# Cross your fingers, it's my first breeding attempt!



## CosmicSyringe (Jul 20, 2013)

This morning I put Artemis Fowl, my HM king male into the spawning tank. Its 6.7 gallons and was filled a little over half way. He did okay but seemed kind of mopey because he didnt have his regular jungle of plants to swim among.
Tonight I put Flitter(aka Mrs. Fowl) my female EE into a Mason jar and have put her jar into the spawning tank after removing a few cups of water to lower the water level an inch.
I have never seen Artemis flare until Flitter was in his tank. I am so delighted! I have had many doubts about my bettas being able to breed but I decided after a few months that I wanted to at least try!
Maybe, just MAYBE, we can do this.
I hope Artemis creates a bubble nest overnight, I've barely seen him create bubbles before so that's another uncertainty.
Flitter has pretty much had vertical stripes since I adopted her, I think Artemis is the main wild factor.


----------



## indjo (Jun 6, 2010)

Good luck!


----------



## CosmicSyringe (Jul 20, 2013)

indjo said:


> Good luck!


 Thank you!

This morning I released Flitter after lowering the water level another inch and setting up the bubble wrap/almond leaf nest. They like to follow each other around, saw Artemis nip at Flitter once.
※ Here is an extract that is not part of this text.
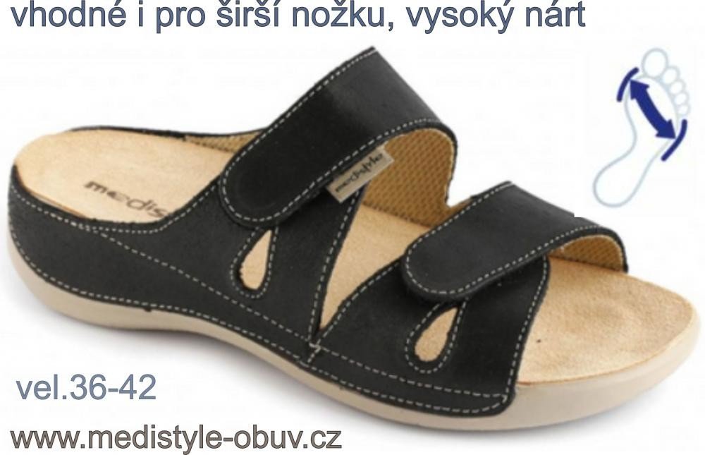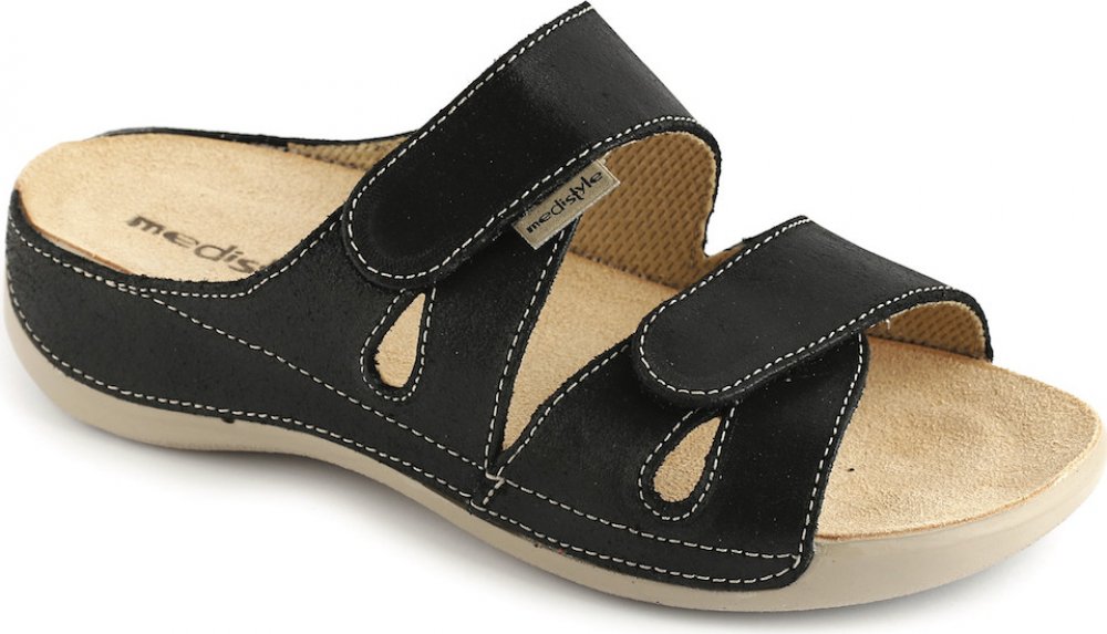 Pohodlné pantofle Medistyle jsou v černé barvě. Svršek obuvi je ze dvou lícových hovězinových kožených pásků. Pásky jsou na suchý zip. Obuv se dá nastavit dle šíře nohy – je vhodná i pro vysoký nárt. Stélka je anatomicky tvarovaná, taktéž kožená. Po navlhnutí je nutné nechat stélku přirozeně vyschnout. Podešev absorbuje nárazy vznikající při došlapu a chrání tak Vaše klouby a záda. Podešev je prot...

Trying not to check on them too often and give them privacy.


----------



## CosmicSyringe (Jul 20, 2013)

Artemis is making a bubble nest while Flitter is resting!! Oh my gosh
I am so proud and impressed with him.


----------



## CosmicSyringe (Jul 20, 2013)

24hrs after releasing Flitter into Artemis's tank.
Turns out there is no bubble nest, its just a couple bubbles from the bubble wrap I think. :frown2:
Flitter has a little fin damage. The pair seems to go back and forth between resting and going for a non aggressive chase around the tank. They both flare at each other and Flitter looks submissive toward Artemis. Though Artemis does hang out a lot under his almond leaf, I don't see him making any bubbles. Flitter is still full of eggs and still has vertical stripes.

I'm getting more doubtful. If nothing happens for another 24hrs, I might separate them - I read/heard something like that. :serious:


----------



## CosmicSyringe (Jul 20, 2013)

They are trying!
Shortly after I posted, I saw them wrap and I teared up. No eggs dropped but I am so happy! Trying not to watch them too much.


----------



## indjo (Jun 6, 2010)

First time females usually need 3 days of courtship. After that, females usually lay eggs within 24 hours - some need more time.

First few wrappings often do not produce any eggs. In fact, some rare cases where the female is too fat, first egg may come out after hours of embraces. But once eggs begin to drop, it should rain eggs during each embrace.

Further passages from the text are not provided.